The inclined walls 21 and the corner members 22 are alternately arranged so as to surround the melting space 1 to be formed in the circumferential direction, and the edge surface of each inclined wall 21 and the corner member 22 opposite thereto are connected. The portions 22 a and 22 b are butted and connected to each other to form the melting space 1, and the bottom electrode 1 is formed below the melting space 1.
8 are provided.

Also in the glass melting furnace shown in FIGS. 1 to 4, electric power is supplied to the main electrode 15 and the bottom electrode 18 to heat the molten glass G in the melting furnace body 20 with Joule heat,
The molten glass G is mixed with the waste liquid fed from the feed pipe 13 through the raw material feeder 14, and the induction heating coil 17
The process of heating the flow-down nozzle 16 by means of which the molten glass G mixed with the waste liquid is caused to flow out of the flow-down nozzle 16 into the container is the same as in the conventional glass melting furnace shown in FIGS.

On the other hand, in the glass melting furnace shown in FIGS. 1 to 4, the right side connecting portion 22a of the corner member 22 is, as shown in FIG.
And the left-side connecting portion 22b are integrally configured, a space is not formed between these connecting portions 22a and 22b,
It is possible to avoid the platinum group element from being deposited on the corner member 22, and thus to prevent the short circuit of the electric current in the furnace.

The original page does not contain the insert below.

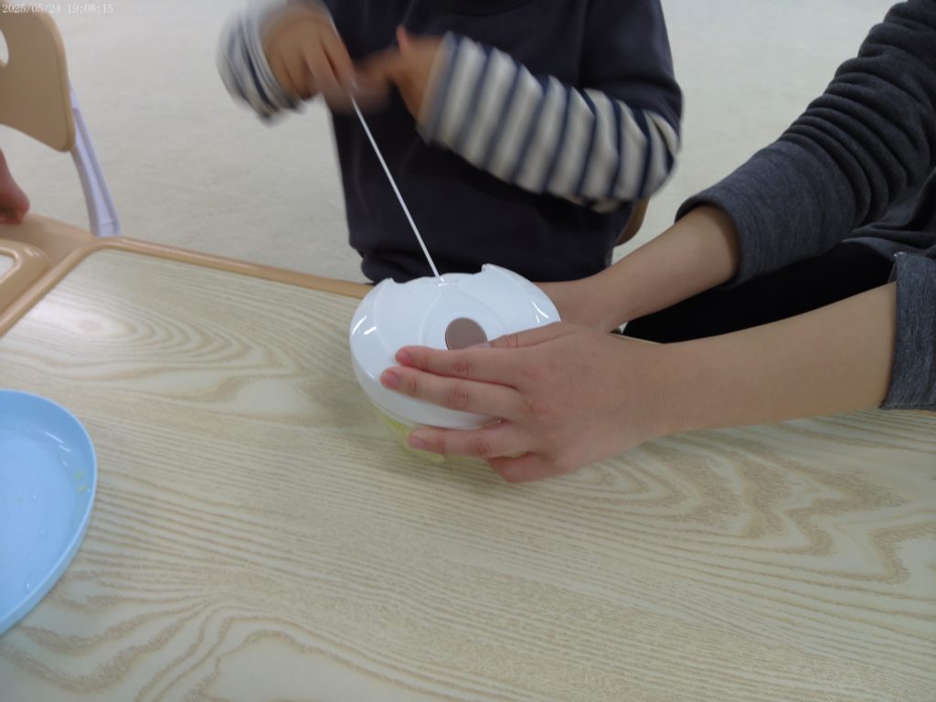 シャボン玉ができたことをお友だちを一緒に喜びあう子どもたちの姿が微笑ましかったです♡
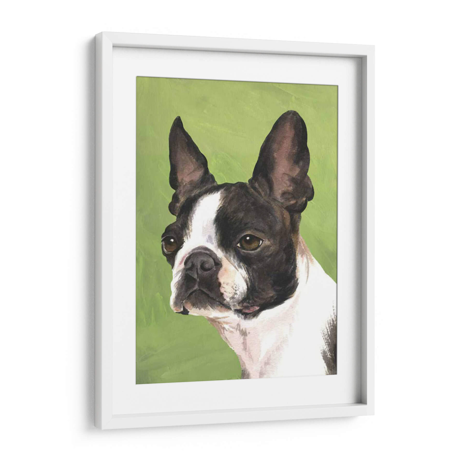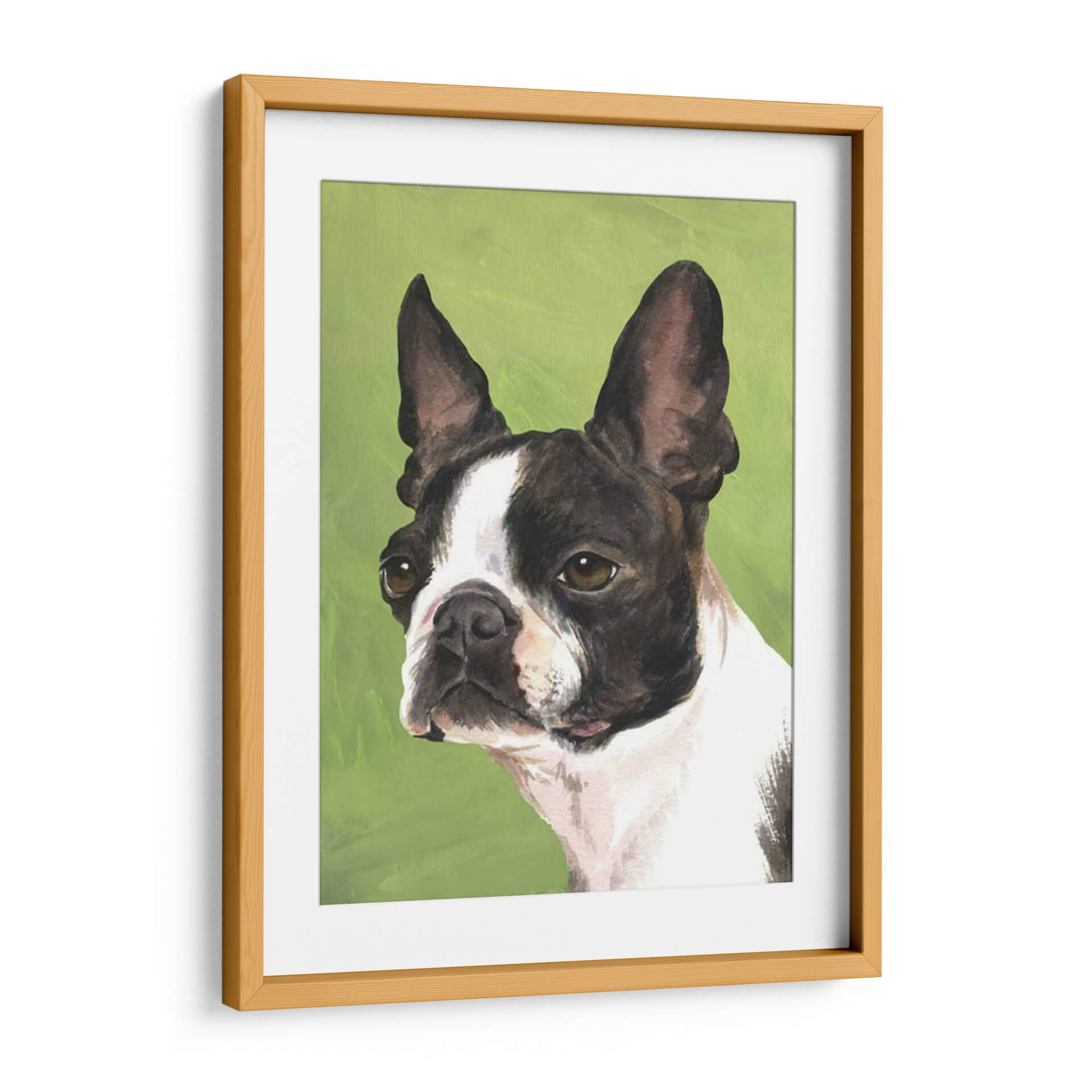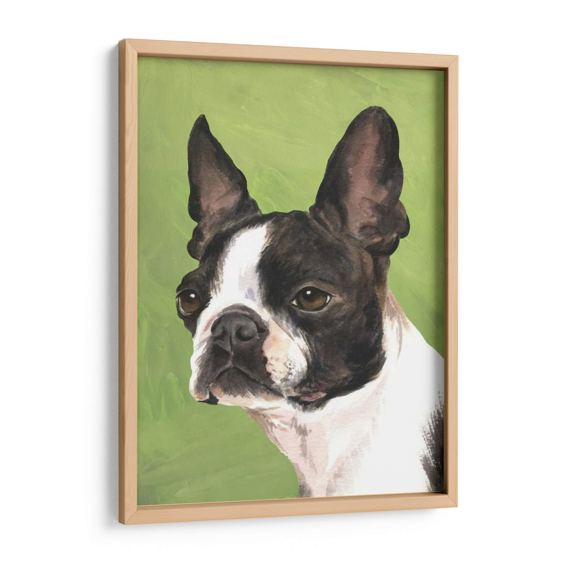 Este cautivador cuadro decorativo de un Boston Terrier, titulado 'Perro Retrato-Boston' y creado por Jill Sands, captura la esencia juguetona y leal de esta querida raza. La obra presenta un primer plano del distintivo rostro del perro, con sus orejas erguidas y una mirada inteligente y atenta que parece conectar directamente con el espectador. La paleta de colores se centra en el contraste entre el pelaje blanco y negro del terrier y un vibrante fondo verde pistacho, que aporta una energía fresca y moderna a la composición. El estilo artístico, aunque figurativo, posee una cualidad expresiva y ligeramente texturizada en el fondo, lo que sugiere una técnica de pintura contemporánea. Este retrato de perro es ideal para los amantes de los animales y para quienes buscan añadir un toque de personalidad y calidez a su hogar u oficina. Quedará perfecto en una sala de estar, un dormitorio o incluso como punto focal en una entrada. Un cuadro decorativo que evoca alegría y compañerismo, aportando vida a cualquier espacio con su encanto único. Añade esta pieza a tu colección de arte de pared para un toque distintivo.

The glass melting furnace of the present invention is not limited to the above-mentioned embodiment, and it goes without saying that various modifications can be made without departing from the scope of the present invention.

[0034]

As described above, according to the glass melting furnace of the present invention, since the right side connecting portion and the left side connecting portion of the corner member located at the corner portion of the melting space are integrally configured, both connections are made. Since no void is formed between the parts, the platinum group element can be prevented from being deposited on the corner member, and the short circuit of the current in the furnace can be prevented, which is an excellent effect.

[Brief description of drawings]

FIG. 1 is a sectional view showing an example of an embodiment of a glass melting furnace of the present invention.

FIG. 2 is a view of an inclined wall and a corner member related to FIG. 1, viewed from above.

FIG. 3 is a perspective view of a sloped wall and a corner member related to FIG. 1.

FIG. 4 is a perspective view of a corner member related to FIG. 1.

FIG. 5 is a sectional view showing an example of a conventional glass melting furnace.

FIG. 6 is a view from above of the inclined wall associated with FIG. 5;

7 is a perspective view of a sloped wall in relation to FIG.

[Explanation of symbols]

1 melting space 18 Bottom electrode (electrode) 21 inclined wall 22 corner members 22a Right side connection 22b Left side connection 23 Refractory brick (refractory material) 24 Fireproof brick (fireproof material) 25 Fireproof brick (fireproof material) 26 Refractory bricks (refractory materials) 27 Fireproof brick (fireproof material)

Claims (2)

[Claims] 1. A three or more inclined wall made of a refractory material, a right side connecting portion made of a refractory material, with which a left edge end face of the inclined wall can abut, and the right side connecting portion is integrally connected and bent. And the same number of corner members as the tilted wall having a left-side connection portion with which the right edge surface of the tilted wall can abut, and the tilted walls and the corner members are alternately arranged so as to circumferentially surround the melting space in which the corner members are to be formed. In addition, the edge portions of the opposite inclined walls and the connecting portions of the corner members are butted and connected to each other to form a melting space in which the horizontal opening cross section narrows downward, and an electrode is provided below the melting space. Glass melting furnace. 2. The glass melting furnace according to claim 1, wherein a corner member is formed by combining a plurality of refractory bricks.